Provided data
..............................

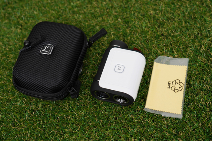 하이글로시 소재에 블랙&화이트로 깔끔한 느낌의 디자인을 갖추고 있다. 왼쪽에는 고저차를 감안하여 보정해주는 슬로프 버튼이 위치하고 있으며, 기능을 끄면 골프 대회에서도 문제 없이 사용할 수 있다. 상단에는 전원과 모드 버튼이 위치한다.
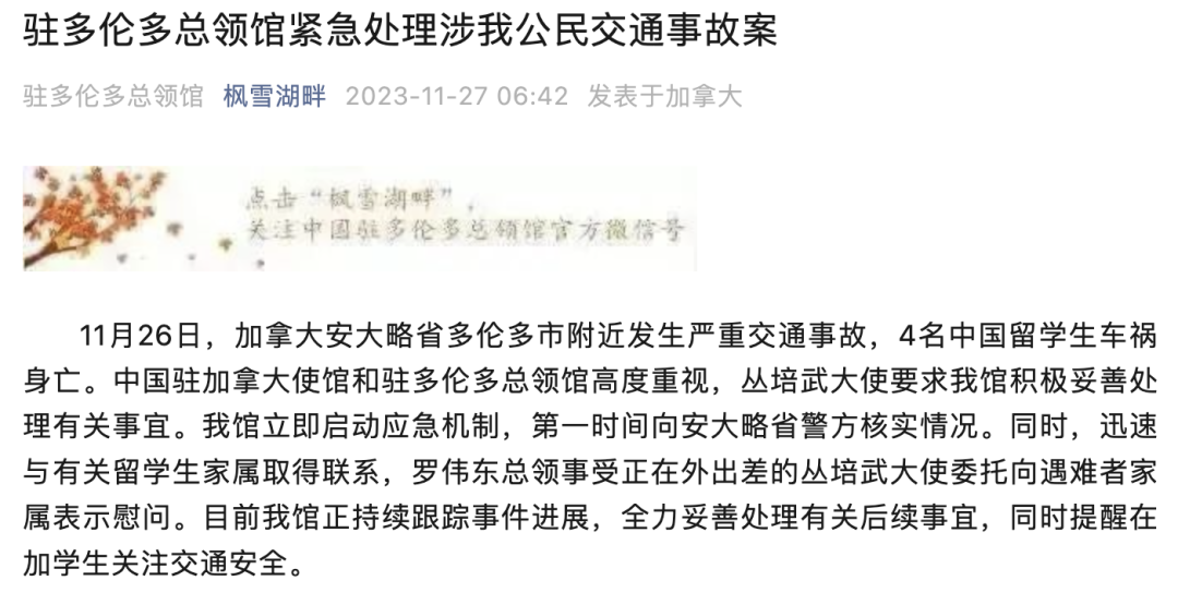 目前,驻多伦多总领馆正持续跟踪事件进展,全力妥善处理有关后续事宜,同时提醒在加学生关注交通安全。
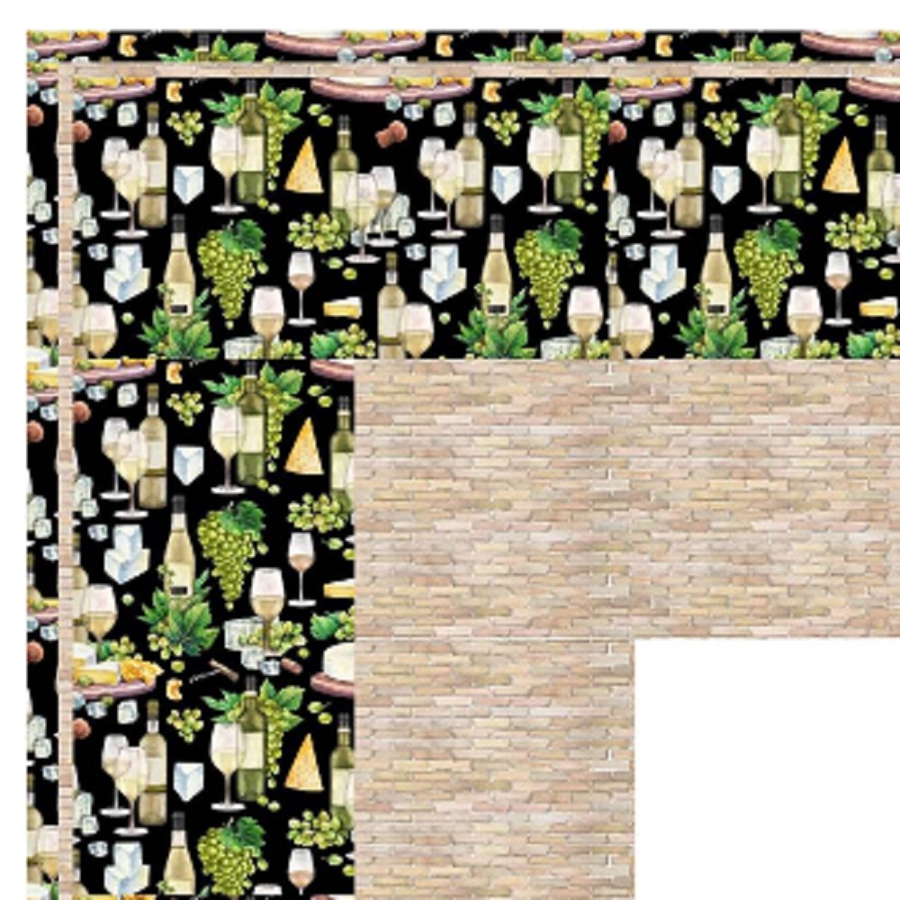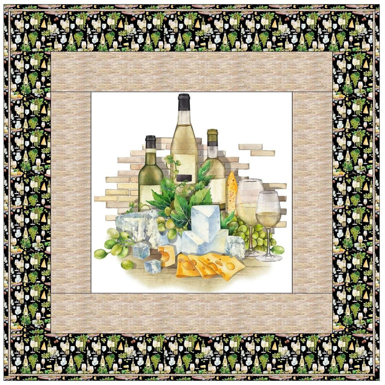 The White Wine Party Wall Hanging includes everything that you need to make the quilt - the instructions and a total of 3 1/2 yards of fabric and a 23" panel. It has two borders and is finished with a flange binding. Batting is sold separately. The finished size of this quilt is 42" x 42".

..............................

Only the pictures may be dropped when you copy the data above; everything else stays exact.

 하이글로시 소재에 블랙&화이트로 깔끔한 느낌의 디자인을 갖추고 있다. 왼쪽에는 고저차를 감안하여 보정해주는 슬로프 버튼이 위치하고 있으며, 기능을 끄면 골프 대회에서도 문제 없이 사용할 수 있다. 상단에는 전원과 모드 버튼이 위치한다.
 目前,驻多伦多总领馆正持续跟踪事件进展,全力妥善处理有关后续事宜,同时提醒在加学生关注交通安全。
 The White Wine Party Wall Hanging includes everything that you need to make the quilt - the instructions and a total of 3 1/2 yards of fabric and a 23" panel. It has two borders and is finished with a flange binding. Batting is sold separately. The finished size of this quilt is 42" x 42".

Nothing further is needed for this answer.